Ich habe gerade eine Marathon-Vorbereitung hinter mir, während dieser ich oft spät am Abend laufen war. Und dann hörte ich sie oft, die Kranichschwärme, mitten im Dunkel über Berlin, gen Süden ziehend. Und auch des Tages höre ich sie jetzt im Herbst, schaue nach oben zum Himmel und sehe sie dann, in Formation fliegend. Und jedes Mal erfüllt es mich mit Glück und Sehnsucht, wenn ich sie sehe. Diese Vögel stehen für mich für die Kraft, die Sehnsucht in mir. Ich liebe diese Vögel so sehr, dass ich ein Buch über sie geschrieben habe. Es heißt FLÜGEL SIND ZUM FLIEGEN DA, ein Kinderbuch. Darin geht es um einen kleinen Spatz, der so gerne in den Süden fliegen möchte. Dieser Wunsch steht für den Traum, den Blick zum Horizont. Seine Freunde aber sagen ihm, dass kleine Spatzen für große Abenteuer nicht gemacht, ihre Flügel zu schwach sind. Dann aber begegnet er einem großen Vogel, einem Zugvogel. Und der sagt ihm, dass Flügel zum Fliegen da sind, und zwar alle Flügel, egal ob groß oder klein. Er motiviert den kleinen Spatz, mit ihm in den Süden zu fliegen, seinen Traum zu erfüllen. Und dieser macht es!

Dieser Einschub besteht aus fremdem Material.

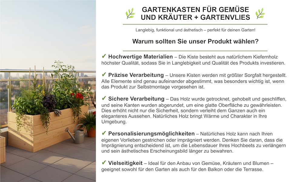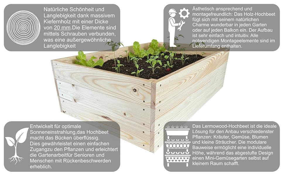✅Perfekt für Gemüse, Kräuter & Blumen – Hochbeet aus natürlichem Kiefernholz, ideal für den Anbau im Garten, auf dem Balkon oder der Terrasse.
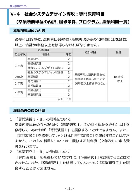 社会学部2026Ⅴ-4社会システムデザイン専攻:専門教育科目(卒業所要単位の内訳、履修条件、プログラム、授業科目一覧)卒業所要単位の内訳必修科目18単位、選択科目66単位(所属専攻からの42単位以上を含む)以上、合計84単位以上を修得しなければなりません。選択科目合計所属専攻の選択科目を42単位以上修得したうえで66単位以上修得すること84単位以上配当年次必修科目科目名1年次2年次3年次4年次基礎研究Ⅰ基礎研究Ⅱ社会システムデザイン総論Ⅰ社会システムデザイン総論Ⅱ基礎演習専門演習Ⅰ専門演習Ⅱ卒業研究Ⅰ卒業研究Ⅱ合計単位22222222218修条件のある科目履1「専門演習Ⅰ・Ⅱ」の履修について卒業所要単位のうち36単位(基礎研究Ⅰ、Ⅱの計4単位を含む)以上を修得していなければ、「専門演習Ⅰ」を履修することはできません。また、「専門演習Ⅰ」を修得していなければ「専門演習Ⅱ」を履修することはできません。これらの科目については、履修する前年度(2年次)に申込受付を行います。2「卒業研究Ⅰ・Ⅱ」の履修について「専門演習Ⅱ」を修得していなければ、「卒業研究Ⅰ」を履修することはできません。また、「卒業研究Ⅰ」を修得していなければ「卒業研究Ⅱ」を履修することはできません。-131-
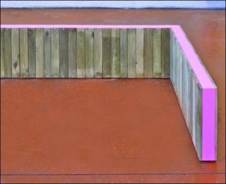 C’est en ce sens qu’il s’associe aux surfaces travaillées par les deux artistes présentés dans l’exposition, en relation directe au volume et à l’architecture. Ils mènent en effet, chacun à leur manière, une recherche sur les vibrations colorées qui induisent un mouvement.
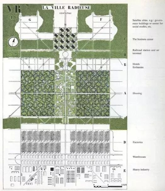 他的方案,也被稱為“公園中的塔”,名副其實:無數(shù)的高層建筑,每一個都被綠色空間包圍。每一棟建筑都被規(guī)劃師戲稱為“超級街區(qū)”,空間被清晰地劃分為不同的用途(在上圖中包括“住宅”、“商業(yè)中心”、“工廠”和“倉庫”)。
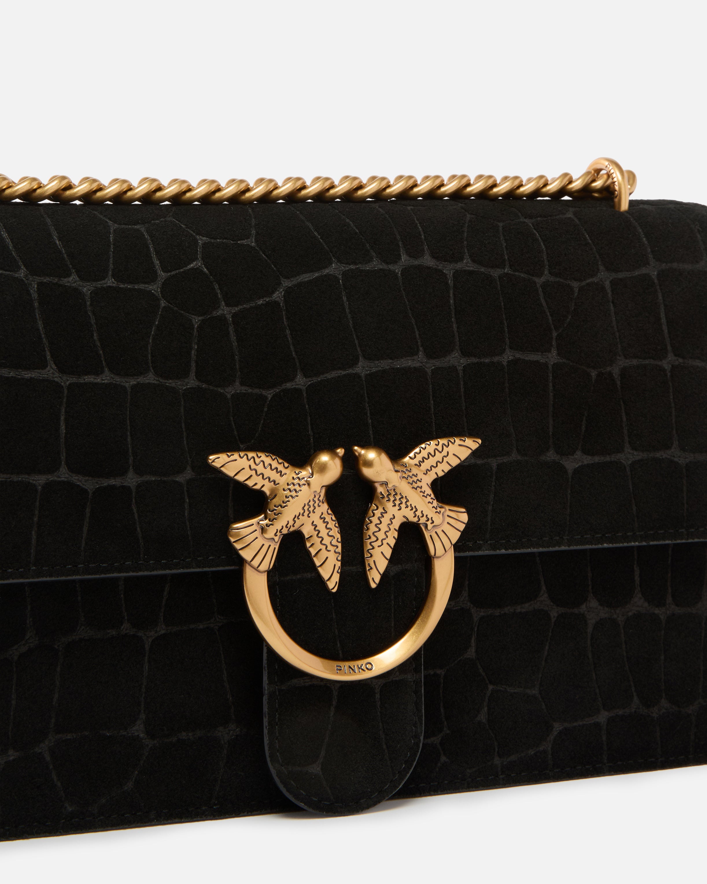 Sac moyen Love Bag One en nubuck embossé crocodile. Modèle doté d’une bandoulière chaîne ronde avec patte d’épaule en cuir pour trois portés différents : main, épaule ou croisé. La fermeture à bouton magnétique est agrémentée de l’emblématique boucle Love Birds Diamond Cut et dévoile un intérieur doublé en drill de coton, doté de deux compartiments séparés par un compartiment zippé. Activez votre sac PINKO : vérifiez l’authenticité de votre article et accédez à une expérience personnalisée en approchant votre smartphone de la broderie Love Birds à l’arrière du sac !

„We don’t know what’s going on here! We’ve been on earth all these years and we still don’t know for certain why birds sing.”

Annie Dillard: Pilgrim at Tinker Creek

Es erfüllt mich mit purem Glück, dass ich wenigstens ein bisschen intakte Natur erleben darf. Auch wenn wir es ihr noch so schwer machen, die Städte mit Licht fluten, die Naturschutzgebiete zurückdrängen, die Feuchtgebiete, die sie brauchen, längst ausgetrocknet sind – da fliegen sie, stoisch, mit letzter Kraft. Wenn wir so weiter machen, und damit meine ich jeden von uns, dann verschwinden diese Vögel, die für mich symbolisch stehen für alle Arten. Wunder werden verschwinden, und die Welt an Magie verlieren. WIR DÜRFEN DAS NICHT ZULASSEN!